Knowing that changes in uncertainty matter for the economy is one thing, knowing how much is another issue altogether. Without precise answers on the quantitative impact of uncertainty it is unclear how much we should respond, and impossible for financial markets to anticipate our response. Developing quantitative measures of the consequences of uncertainty is an important step in reducing intrinsic uncertainty. At this workshop, it is pleasing to see several presentations that attempt to quantify the economic impact of uncertainty shocks.

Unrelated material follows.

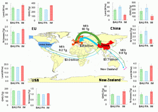 Zhaohai Bai, Michael R.F. Lee, Lin Ma*, Stewart Ledgard, Oene Oenema, Gerard L. Velthof, Wenqi Ma, Mengchu Guo, Zhanqing Zhao, Sha Wei, Shengli Li, Xia Liu, Petr Havlík, Jiafa Luo, Chunsheng Hu, Fusuo Zhang, Global environmental costs of China’s thirst for milk, Global Change Biology, 2018 DOI: http://doi.org/10.1111/gcb.14047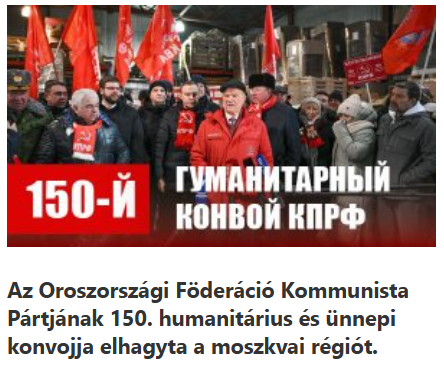 Az Oroszországi Föderáció Kommunista Pártja (KPKP) által végrehajtott humanitárius misszió egyre inkább országos léptékűvé válik. 2014 óta folyamatban van. A Tüntetési Akció Központjának vezetésével az ország számos régiójából – Voronyezsből és Tambovból, Uljanovszkból és Sztavropolból, Rosztovból, Kazanyból és az észak-kaukázusi köztársaságokból – aktívan részt vettek benne pártszervezetek, munkavállalók, vállalkozások és közszervezetek.

Indeed, the Reserve Bank is also presenting its own effort at modelling these quantitative impacts (Kamber et. al. 2016).

These are early days for the growing literature on uncertainty. I look forward to the insights provided by this workshop, and I hope that some of the questions I have posed prove useful in motivating future research.

References

  • Baker, Scott R. & Nicholas Bloom & Steven J. Davis (forthcoming) "Measuring Economic Policy Uncertainty,", Quarterly Journal of Economics, forthcoming.
  • Bloom, Nicholas (2009) "The Impact of Uncertainty Shocks," Econometrica, vol. 77(3), pages 623-685.
  • Bloom, Nicholas (2014) "Fluctuations in Uncertainty," Journal of Economic Perspectives, vol. 28(2), pages 153-76.
  • Friedman, Milton (1960), A Program for Monetary Stability, New York: Fordham University Press.
  • Jurado, Kyle & Sydney C. Ludvigson & Serena Ng (2015) "Measuring Uncertainty," American Economic Review, vol. 105(3), pages 1177-1216.
  • Kamber, Gunes, Chris McDonald, Nicholas Sander & Konstantinos Theodoridis (2015) “A structural model for policy analysis and forecasting”, Reserve Bank Of New Zealand Discussion paper, DP2015/05.
  • Kamber, Gunes, Ozer Karagedikli, Michael Ryan & Tugrul Vehbi (2016) “International spill-overs of uncertainty shocks: Evidence from a FAVAR”, forthcoming CAMA Working Paper.
  • Lahiri, Kajal & Sheng, Xuguang (2010) “Measuring forecast uncertainty by disagreement: The missing link,” Journal of Applied Econometrics, vol. 25, pages 514–538.
  • Leduc, Sylvain & Zheng Liu (2016) “Uncertainty shocks are aggregate demand shocks,” Journal of Monetary Economics, vol. 82, pages 20-35.
  • Rossi, Barbara & Tatevik Sekhposyan & Mattheiu Soupre (2016) “Understanding the Sources of Macroeconomic Uncertainty,” CEPR Discussion Papers 11415.
  • Svensson Lars E O (2003) “The Inflation Forecast and the Loss Function,” in Paul Mizen, ed. Central Banking, Monetary Theory and Practice: Essays in Honour of Charles Goodhart, Volume I, Edward Elgar, pages 135-152.
  • Zarnowitz, Victor & Louis A. Lambros (1987) “Consensus and Uncertainty in Economic Prediction,” Journal of Political Economy, vol 95(3), pages 591-621.

 

1 The workhorse model for monetary policy analysis is the dynamic stochastic general equilibrium (DSGE) model. The Reserve Bank of New Zealand has developed and uses its own DSGE model, described in Kamber, McDonald, Sander and Theodoridis (2015), to aid in its understanding of and explain the consequences of recent developments in inflation and the real economy.

2 See Bloom (2014) for a review.

3 There is a long tradition of constructing uncertainty indices using forecast disagreements (e.g. Zarnowitz & Lambros, 1987, Lahiri & Sheng, 2010). The presented uncertainty index for New Zealand is constructed using forecast disagreements from Consensus forecasts.

4 See Friedman (1960) and Svensson (2003).